Real-Time Operating Systems#
Real-time operating systems (RTOS) are designed to process data as it comes in, typically without buffering delays. They are used in embedded systems where timing is critical, such as in medical devices, automotive systems, and industrial control systems. RTOS are characterized by their ability to manage hardware resources efficiently and provide predictable response times.
Operating Systems#
Quick review on some operating system topics that are important to note when working with a RTOS. A microcontroller or microprocessor typically runs one or more cores that executes a set of instructions (machine code) to perform a task. The operating system manages the hardware and software resources of the system and is responsible for scheduling tasks and managing memory. Often times, many tasks need to be performed concurrently in which case, the operating system must interrupt and context switch between tasks to ensure that all tasks are completed in a timely manner.
Task Execution#
In multi-core systems such as a standard desktop or server, clock speeds are much faster (in the GHz range) and can handle many tasks concurrently. In contrast, microcontrollers typically operate at much lower clock speeds (in the MHz range) and have limited resources, making it more important and challenging to manage multiple tasks.
Operating System State Machine#
A task’s lifecyle is represented by a state machine where it transitions between a running, ready, blocked, and terminated state.

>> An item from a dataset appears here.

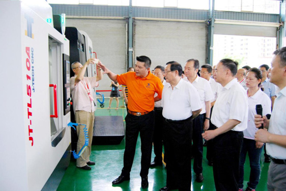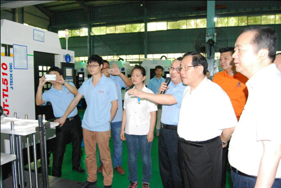 萬鋼部長考察嘉泰數(shù)控實施的“智能工廠示范工程項目”建設成果2016年6月20日,全國政協(xié)副主席、中國科協(xié)主席、國家科技部部長萬鋼和中國工程院院長周濟等來自全國各地的眾多領導專家一行,在福建省常務副省長張志南、泉州市委書記鄭新聰、市長康濤等省市區(qū)領導的陪同下,蒞臨泉州市“數(shù)控一代”匯報現(xiàn)場。在洛江區(qū)智能裝備產(chǎn)業(yè)園的匯報現(xiàn)場,嘉泰數(shù)控董事長蘇亞帥就由嘉泰數(shù)控實施的“3C產(chǎn)業(yè)數(shù)字化智能工廠示范項目”作技術講解,以及匯報自主研發(fā)的“門型五軸立式加工中心JT-GL8-V”、高速鉆攻中心JT-TL510A以及3C產(chǎn)業(yè)智能手機金屬外殼加工自動化生產(chǎn)線等最新成果。 ![]()

The operating system also manages the memory allocation and deallocation as it context switches between tasks.
Operating System State Machine#
Now there are tradeoffs in managing multiple tasks and context switching across them. One of the more significant tradeoffs is the overhead introduced by context switching, making it less efficient as time is wasted transitioning between tasks. Running multiple tasks on a single-core is also useful in scenarios where tasks are I/O bound and spend a lot of time waiting for external events. A simple example being on downloading a file from the internet where the task is mostly waiting for the data to arrive. In this case, it makes sense to context switch to another task while waiting for the I/O bound task to complete.

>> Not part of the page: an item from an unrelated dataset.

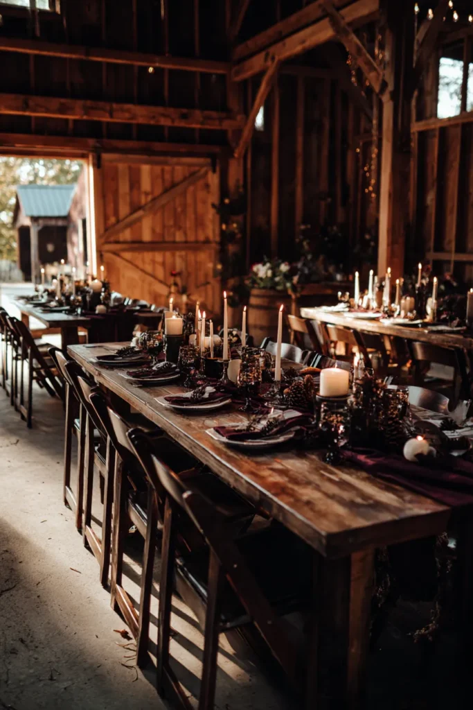 This stunning photo shows a cozy barn reception where rich, dark colors meet natural textures for a truly luxurious winter palette. The long, rustic wooden tables and dark chairs provide a strong, earthy foundation. Down the center, deep burgundy fabric runners contrast beautifully with the wood, layered with dark pinecones and tapered white candles in simple holders. The warm candlelight creates a beautiful ambiance, highlighting the rich, moody tones of the burgundy and the beautiful shadows in the high-ceilinged wooden barn.

Looking at more simpler microcontroller devices such as a common arduino ATMega. The footprint is much smaller and simpler and programming the device follows a more linear approach where a single task is executed in a loop. This is commonly referred to as a superloop architecture. In the superloop, an initial setup occurs and then tasks are executed and completed sequentially in aloop. The superloop is simple to implement and works well for simple applications with a highly efficient footprint.
Superloop Operations#
In comparison, a RTOS allows for multiple tasks to be executed concurrently. The RTOS manages the priority, scheduling, and context switching between tasks such that tasks can be completed in a set timeframe.
RTOS Operations#
Superloop vs RTOS#
Memory Management#
In developing software that completes a task, developers leverage the use of RAM for storing data structures in either the static, heap, or stack memory segments.
RAM Static, Heap, Stack#
On an RTOS system, each task is allocated its own stack memory segment in to store the task’s data as it progresses throught the state machine. Since the memory footprint of a microcontroller is limitmed, it is important to monitor the RAM usage of the system to ensure that there is enough memory available for all tasks to run efficiently. Processing large data structures such as images or audio signals will need to be carefully managed to avoid segmentation faults or memory leaks.
RTOS RAM#
Multi-Processing Cores#
Symmetrical Multi-Processing (SMP) is a method of using multiple processors or cores to execute tasks concurrently. In an SMP system, each core has access to the same memory space and can communicate with each other through shared memory. This allows for more efficient use of resources and can improve performance for tasks that can be parallelized. Asynchronous Multi-Processing (AMP) is another method of using multiple processors or cores where each core has its own memory space and operates independently. This can be useful for tasks that require a high degree of isolation or for systems that need to run different operating systems on each core. There are advantages on assigning specific tasks to designated cores that are specialized in a particular function such as DSP cores, AI cores, codec cores, etc.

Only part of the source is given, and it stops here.